Wednesday, November 19, 2014

Dangerous DIY

I get this crazy idea at least once a day- I can handle this on my own. Then I have to give myself a lecture, something like this: Bonnie, don't you know BY NOW that you can't DIY. You can't D (anything) Y. (My attempt to be grammatically correct just ruined a perfectly good acronym. There- you see what grammar can do to you.)

I'm realizing that I need to bring everything to God... everything. He is a true friend who will always be with me- and I can't really count on anyone else.

I used to think it was somewhat invasive that God knows all my thoughts. If you are one of my Former Facebook Friends, you may know that I say most of what I think anyway. It's not a good trait. My older sister also told me one time that my face is like an open book. I want to be transparent and honest but not to impulsively say all the negative things. Even when I do, though, nobody knows everything I think.
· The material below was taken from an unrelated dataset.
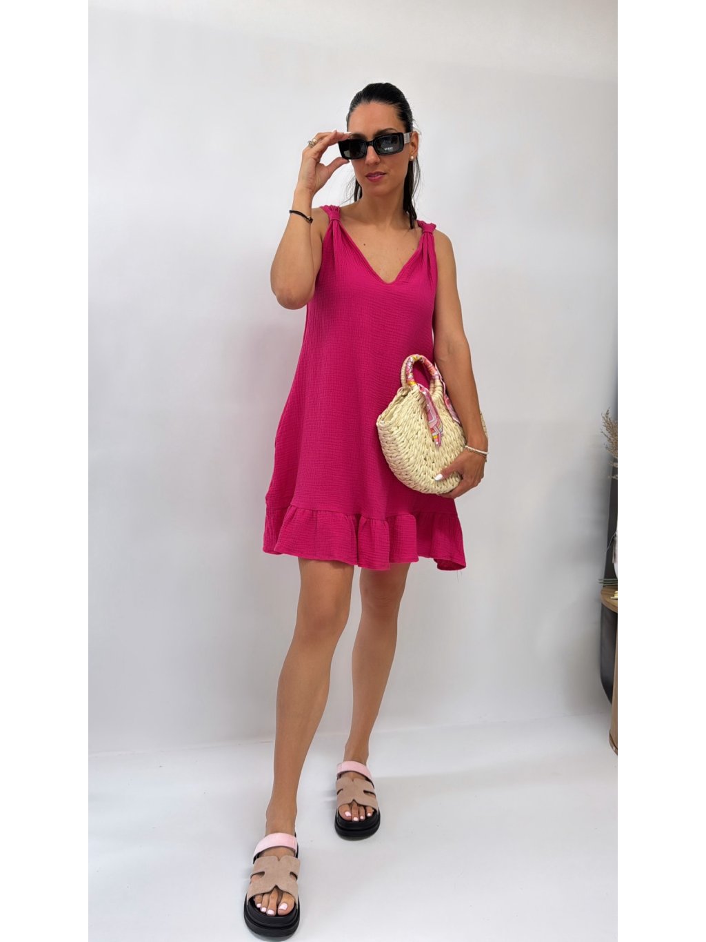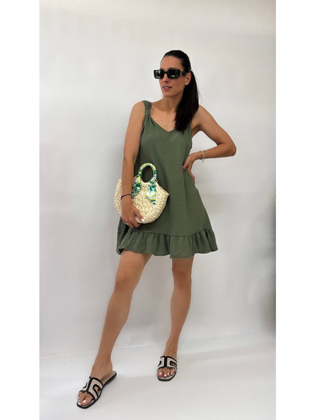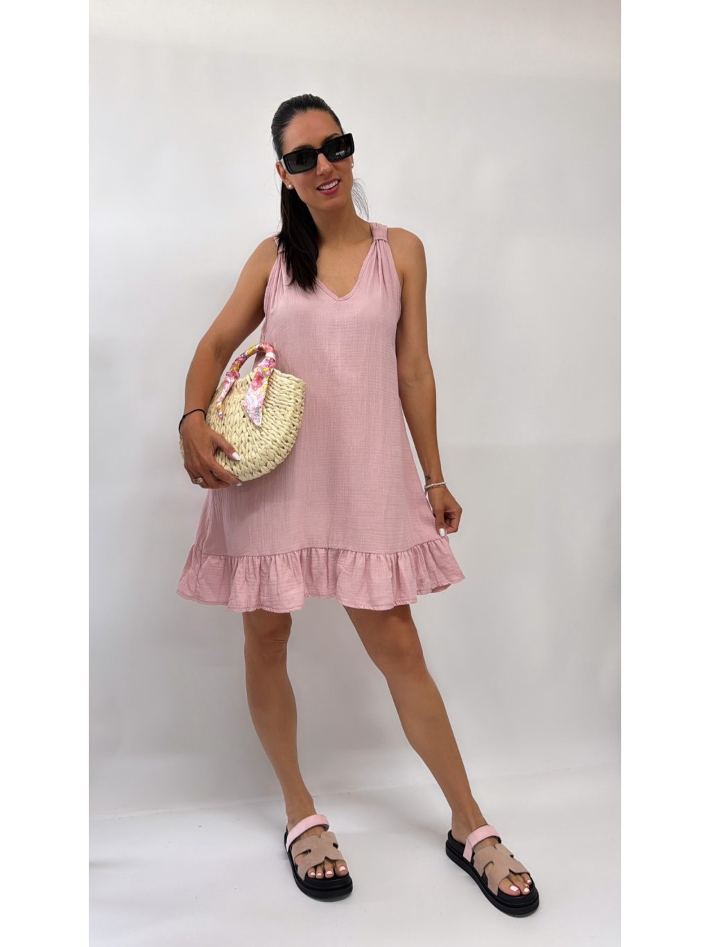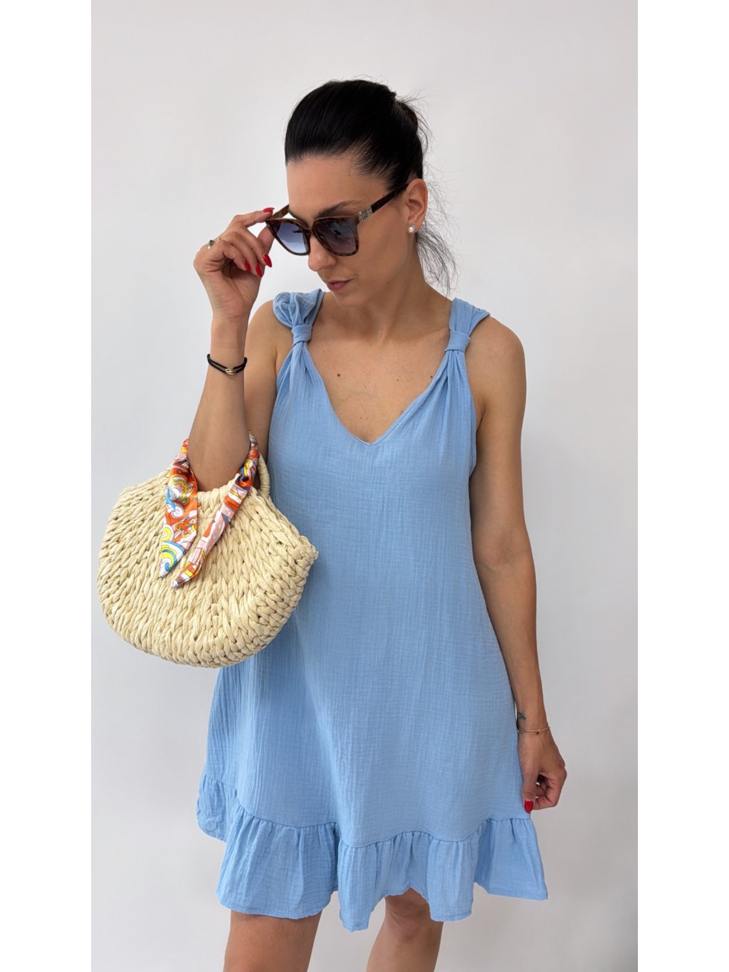 Dámske šaty na ramienka • materiál 100% lyocel • áčkový strih • ramienka na viazanie - dĺžkovo nastaviteľné * made in P.R.C

It sometimes seems strange and not exactly comfortable that God knows everything, literally EVERYTHING in my mind. (You don't always think about that either- admit it. If you did, you wouldn't be thinking MOST of the things that you are thinking.)

It's not invasive, though, because He created my mind. If you built a machine, wouldn't you be watching to see what it was doing? Yeah, I know, we're not machines. But the Bible compares us to clay pots. It's an analogy and you're going to have to be okay with my analogies because this is my blog and I can say whatever I want to on it. I could say something really, really crazy right now and there wouldn't be a thing you could do about it.

(God, please help me to say something encouraging right now, instead of something crazy).

Now, you see how I modeled that for you? I had an impulse to say something really deplorable and I took it to God and He helped me not to, now follow my example, dearly beloved.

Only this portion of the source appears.